During 1980–2000, there were 1465 (82%) isolated cases of hypospadias and 323 (18%) infants had one or more additional anomalies diagnosed. Of the infants with multiple anomalies, 103 (5.8%) had a genital anomaly and 220 (12.3%) had other non‐genital malformations. The mean prevalence of isolated, genital and other non‐genital anomalies associated with hypospadias for the 21‐year period was 28.5 (95% CI 27 to 30), 2.0 (95% CI 1.6 to 2.4) and 4.3 (95% CI 3.7 to 4.8) per 10 000 births, respectively. Figure 2 highlights the significant increasing trend over time for isolated and other non‐genital co‐existing anomalies. Congenital anomalies of the genital organs, such as undescended testes, indeterminate sex and other non‐specified anomalies of genital organs (excluding hooded foreskin and chordee), were the most common types of malformations associated with hypospadias (n = 103) and showed a non‐significant increase over time.

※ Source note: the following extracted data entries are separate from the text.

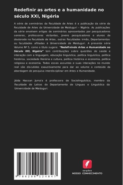 A série de seminários da Faculdade de Artes é a publicação da série da Faculdade de Artes da Universidade de Maiduguri ¿ Nigéria. As publicações da série envolvem artigos de seminários apresentados por pesquisadores seniores, professores visitantes, jovens pesquisadores e alunos de doutorado na Faculdade de Artes, outras Faculdades irmãs, Departamentos ou faculdades afiliadas à Universidade de Maiduguri. A presente série Volume Nº 5, como o título sugere: ¿Redefinindo Artes e Humanidade no Século XXI, Nigériä tem contribuições sobre questões de saúde e interação com a linguagem, educação linguística, política linguística, política histórica, sociedade literária e cultura, política histórica e economia, política religiosa e economia. Todos esses assuntos e suas interações no mundo real são discutidos exaustivamente para dar ao volume o conteúdo da abordagem de pesquisa interdisciplinar em Artes e Humanidade.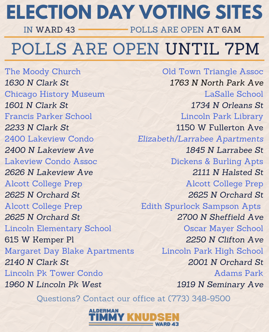 Alderman Timmy Knudsen of Chicago’s 43rd Ward reminds residents that Election Day is March 17, 2026, and polls will be open until 7 p.m., with multiple precinct sites, the Lincoln Park Library, and a supersite at 137 S. State St. available for voting. The newsletter provides detailed instructions for in‑person voting, early voting, mail‑in ballots, and voter registration, along with contact information for the ward office and links to state and federal voting resources. No zoning, development, or budget updates are included; the focus is solely on voter information and election logistics.
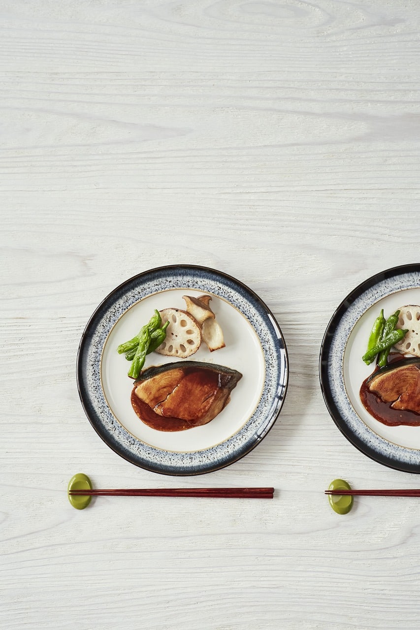 4.野菜に火が通ったら取り出してお皿に盛り付ける。残っているたれを加えて 少しとろみがつくまでぶりに煮からめながら焼いて盛り付け、たれをかける。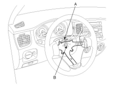 3. Disconnect the connector (A) and remove the steering wheel lock nut (B).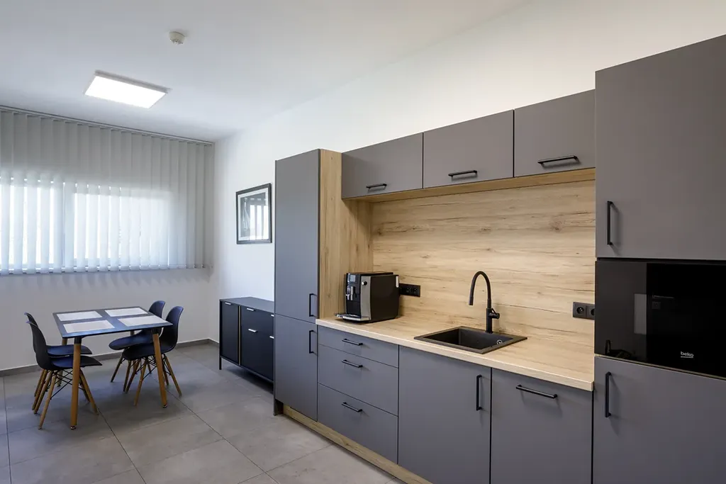 Kanceláře v ISO OFFICE PARK se nacházejí v pěti nadzemních podlaží. V rámci pronájmu můžete využít zasedací místnost, kuchyňku, sociální zařízení a všechny společné prostory.

In addition to anomalies of genital organs, the most common types of co‐existing malformations included congenital anomalies of the urinary system (4.6%), musculoskeletal defects (4.3%) and cardiovascular defects (3.6%) (table 1). The rate of co‐existing anomalies associated with hypospadias was higher than in the general population of male births (table 1) and there was no trend in the proportion of co‐existing anomalies over time.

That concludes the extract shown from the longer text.